Note on WAL lifecycle:

  • WAL pruning is manual via PruneWAL() and does not run automatically after flush/compaction.
  • Set RotateWALOnFlush to true to rotate WAL after each flush so older WAL files become immediately eligible for pruning.
  • PruneWAL() only deletes WAL files with sequence number lower than the current active file; the active file is never truncated.

Logging

By default, SRAD uses a JSON structured logger to stderr. To disable logging entirely, set a null logger in options before opening the store:

opts := srad.DefaultOptions()
opts.Logger = srad.NewNullLogger() // disables all logs
store, err := srad.Open("./mystore", opts)

You can also provide your own implementation of the Logger interface if you prefer a different format.

Tuning Parameters

params := srad.TuningParams{
    MemtableTargetBytes:     &memSize,
    CacheLabelAdvanceBytes:  &cacheSize,
    CacheNFATransitionBytes: &nfaCacheSize,
    CompactionPriority:      &priority,
}
store.Tune(params)

Development Status

✅ Core Features (Completed)

  • Storage Engine: Full LSM-tree with immutable segments
  • WAL: Write-Ahead Log with rotation and crash recovery
  • Memtable: Canonical Patricia tree with regex support
  • Segments: LOUDS encoding with bitvector and rank/select operations
  • Manifest: Atomic updates and version history management
  • Compaction: Background LSM compaction with leveled strategy
  • Concurrency: RCU (Read-Copy-Update) for lock-free reads
  • Filters: Bloom filters for prefix queries and trigram substring filter
  • Persistence: Segment persistence and recovery
  • Performance: Parallel search with NFA prefix pruning and trigram-based pruning

✅ API & Utilities (Completed)

  • Store Interface: Complete public API with context support
  • Iterators: Merged iterator for memtable + segments; Prefix and Range scans
  • Statistics: Performance metrics and monitoring
  • Examples: Basic, large dataset, and advanced usage examples
  • Testing: Comprehensive test suite with benchmarks
  • TTL: Expiration on read; permanent removal during compaction

Architecture Highlights

  • LSM-tree: Log-structured merge tree with multiple levels
  • Immutable segments: Once written, segments are never modified
  • Atomic updates: Manifest ensures consistency during compaction
  • Lock-free reads: RCU allows concurrent reads without blocking
  • Crash recovery: WAL ensures durability, manifest tracks segments

Testing

# Run all tests
go test ./...

# Run with verbose output
go test -v ./pkg/srad

# Run specific test
go test -v -run TestStoreBasicOperations ./pkg/srad

# Run benchmarks
go test -bench=. ./pkg/srad

Verify compaction size reduction

Use the helper at cmd/compaction_check to measure live keys and segment sizes before/after compaction.

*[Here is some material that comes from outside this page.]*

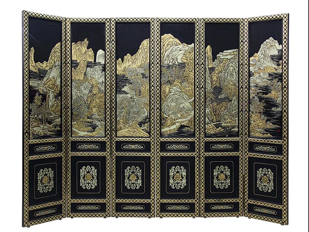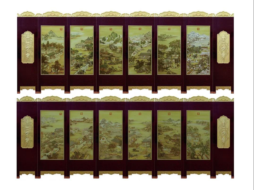 精工雕填堆古彩绘贴金《十二月令图》屏风
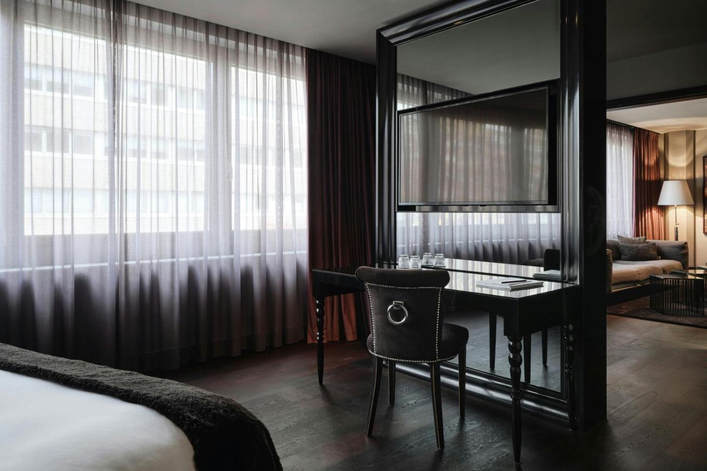 Die stilvollen Zimmer im Roomers Frankfurt Central, Autograph Collection sind mit dunklen Holzmöbeln eingerichtet und in warmen Farben gehalten. Alle Zimmer verfügen über ein Marmorbad, eine Bluetooth-Soundbox und einen Flachbild-TV mit Sky-Kanälen.

# Default: n=10000 inserts, m=5000 deletes, k=0 overwrites
go run ./cmd/compaction_check

# Custom scenario: 10k inserts, 5k deletes, 2k overwrites among survivors
go run ./cmd/compaction_check -n 10000 -m 5000 -k 2000
  • n: initial inserts
  • m: deletes (from the first m keys)
  • k: overwrites (re-insert among surviving keys)

The program prints live keys and active size from the manifest before and after compaction. Old segment directories may still exist briefly due to RCU grace period; you can pass -wait_rcu 40s to wait, or -purge to delete obsolete segment directories immediately (dangerous). Use -verify to do a full scan for live counts (slow), -keep to keep the output directory, -out to provide a custom directory, -timeout per phase, and -prune_wal to delete older WAL files.

Clean sweep (compact + WAL prune)

To fully compact, prune WAL files, and assert that no live entries remain:

go run ./cmd/compaction_check \
  -n 4000000 -m 4000000 -k 0 \
  -rotate_wal \
  -prune_wal \
  -wait_rcu 45s \
  -verify \
  -assert_empty
  • -rotate_wal: rotate WAL on each flush to make older files eligible for pruning.
  • -prune_wal: delete WAL files older than the current sequence.
  • -wait_rcu: allow RCU cleanup to remove obsolete segment directories before measuring.
  • -verify: perform a full scan to count live entries precisely.
  • -assert_empty: exit non-zero if any live entries remain after compaction.

Note: -purge is available but dangerous; it physically removes non-active segment directories immediately, bypassing RCU safety. Prefer -wait_rcu for production.

Segment sanity check (segcheck)

Use the segcheck tool to validate the on-disk format of a single segment directory (magic + version headers and optional BLAKE3 from segment.json).

go build ./cmd/segcheck
./segcheck -dir /path/to/store/segments/0000000000000003

It verifies index.louds (required) and, if present, index.edges, index.accept, index.tmap, filters/prefix.bf, filters/tri.bits, keys.dat, and tombstones.dat. If segment.json contains BLAKE3 entries, it recomputes and compares them.

Examples

See the cmd/example directory for usage examples:

go run ./cmd/example

Contributing

Contributions are welcome! Please ensure:

  • All tests pass
  • Code follows Go conventions
  • New features include tests
  • Documentation is updated

License

This project is licensed under the BSD 3-Clause License. See the LICENSE file for details.